Focusing on latency improvement now.
Tail loss is the most important problem to consider.
Narrow the broad problem to opportunities. The problem is too wide, so really what we need is opportunity statement.LOOPS is also an incentive to switch on ECN.

Scenario 1: Aa1 B Aa2.
Scenario 2: Aa Bc

Not applicable to all environments (won’t see it in the US, or on the backbone), but specific deployment scenarios.

Needs to be standardized because different platforms will need to interoperate and the sides of the LOOPS implementation.

Quick review of use cases Yizhou Li and Jianglong

Overlay Path via Cloud (Huawei use case)
Consider Ca1 Ba3 Aa2 – three different clouds, operator A hosts running on each.
The default path C - A might be slow, but sending through B may help.
LOOPS does not address path selection, but only helps to recover packets once the path has been chosen like this.
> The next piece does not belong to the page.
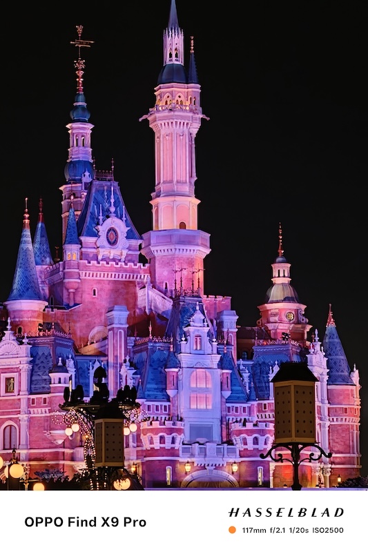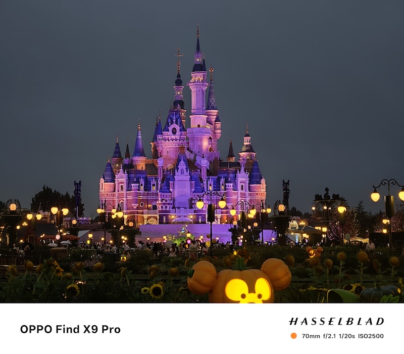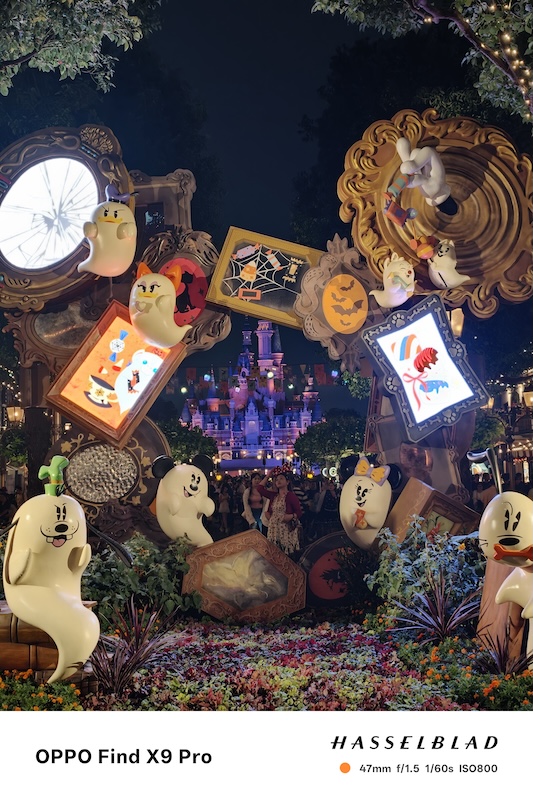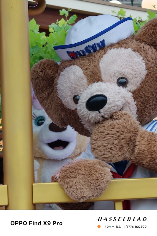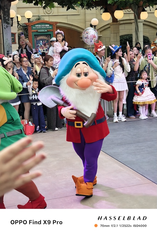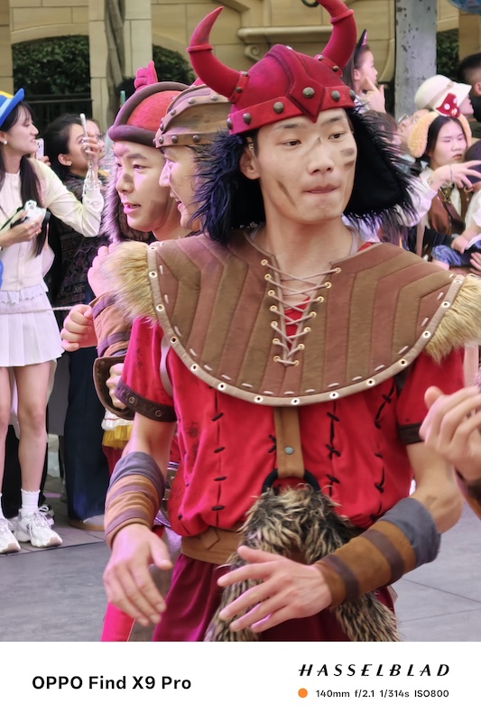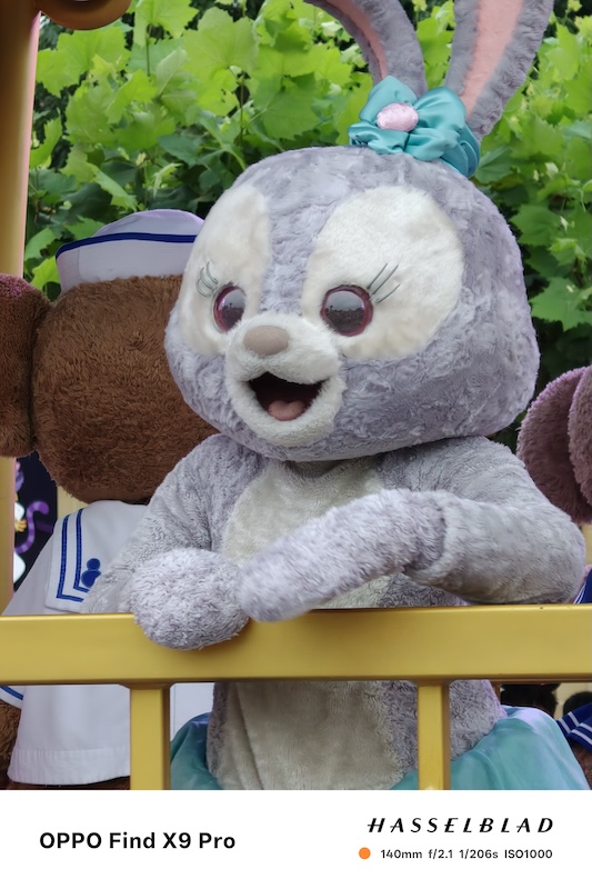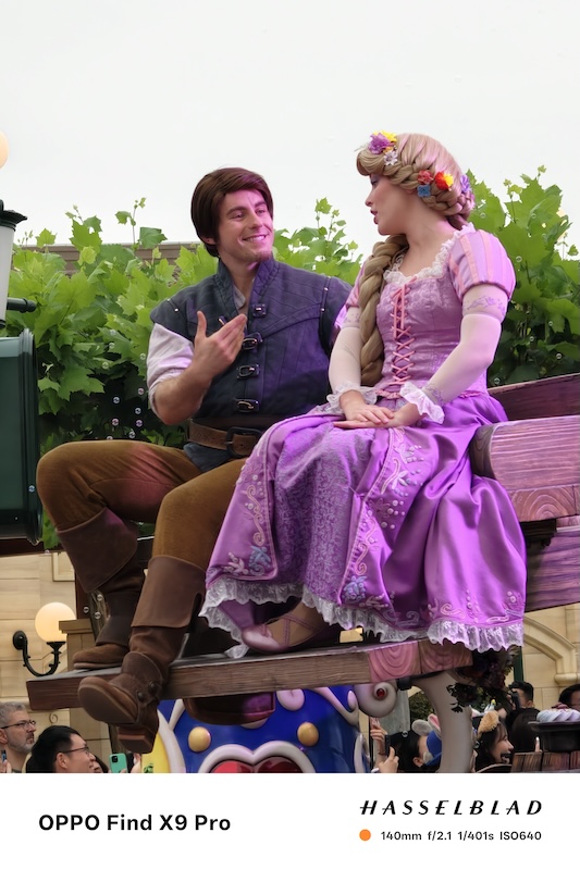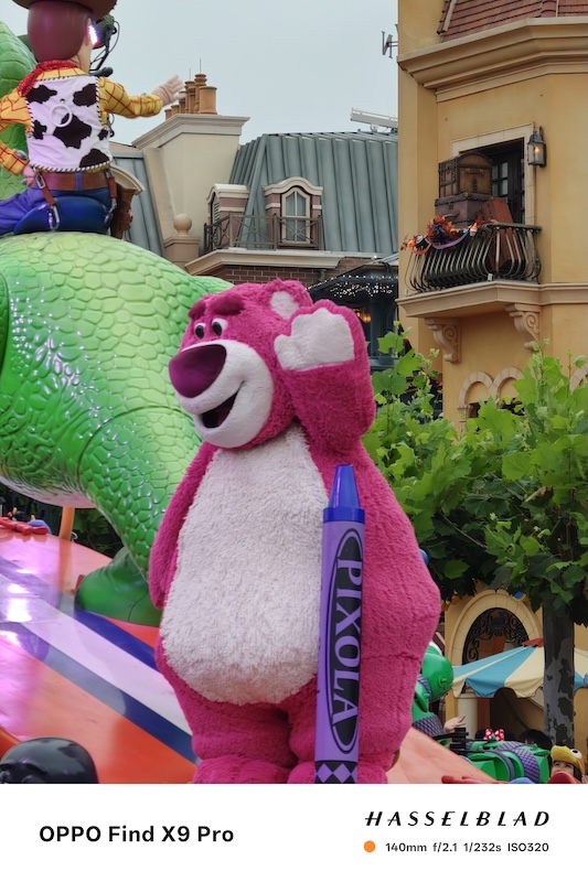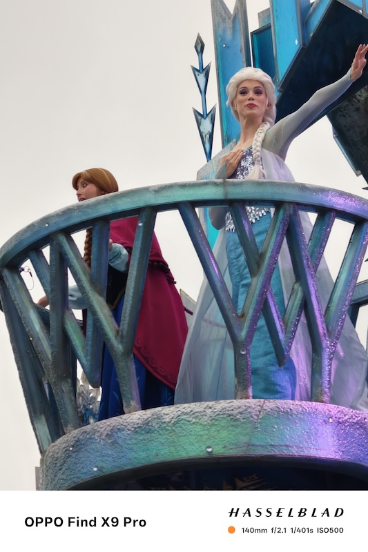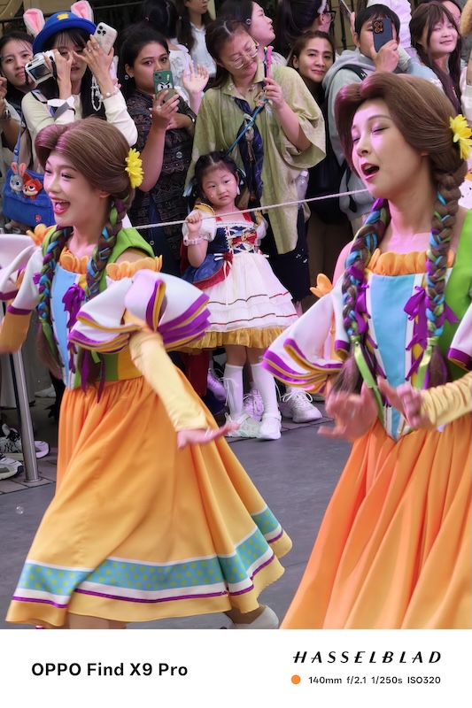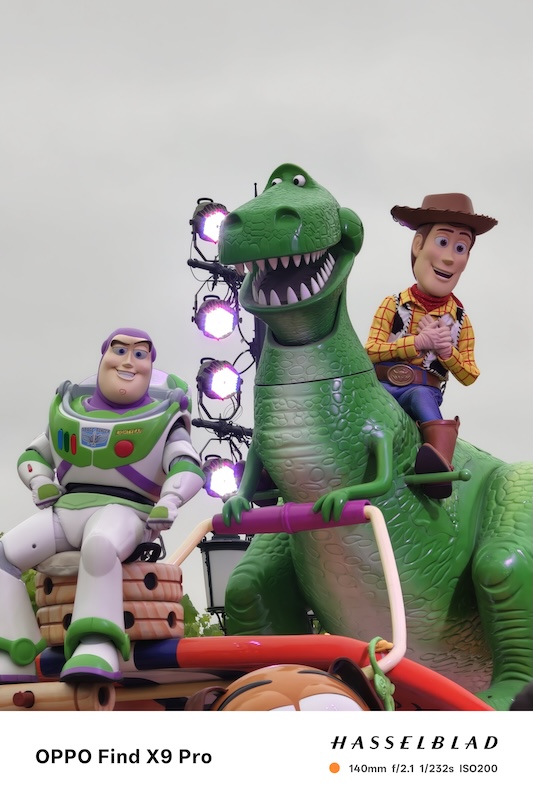 在陰雨天的上海迪士尼樂園,我站在人群後方。使用3x(70mm)只能拍到花車全景,無法突出角色,更多時候使用6x(約140mm)拍攝。可清晰拍到迪士尼角色們臉上的微笑、衣服上的亮片細節、甚至花車的紋理,感受到樂園的歡樂氛圍。以前在遊樂園都要事先排隊搶前面的位置,有了Find X9 Pro即使是後排也不用擔心。

SD-WAN branch office interconnect (China Telecom use case)
Aa1 Aa2
Overlay connected by tunnels
LOOPS trying to recover loss due to the underlay being best effort

Improving Multipath support (DT use case - Markus Amend)
LOOPS on a path level can improve any given path used by multipath endpoints
LOOPS end-to-end overlaying multipath can compensate for imperfections created by the multipath layer due to scheduling, etc

LOOPS only handles packet recovery, no direct interaction with path selection, routing, etc.

Clarifying questions All

Brian: Looking at Jabber, the answer to the question “do we understand the problem”, the answer is “not yet”

Gorry: Talked about using ECN end-to-end. What about using networks that have ECN in the underlay? If you have ECN in the underlay, you would want to react differently to drops vs marking. You need to handle the case where a drop is trying to reduce load.

Carsten: Might simplify by using ECN in the underlay but found we don’t need that, by converting drops to marks. Indeed that’s an application of LOOPS. You don’t know where the routers that mark are; converting drops to marks is innocuous. Use circuit breakers to make sure you’re not completely swamping a segment.

Colin: What I thought was happening with LOOPS is that it’s a fancy tunnel. Use cases seem to be more general. Are the rest things that just use LOOPS, and the rest is out of scope?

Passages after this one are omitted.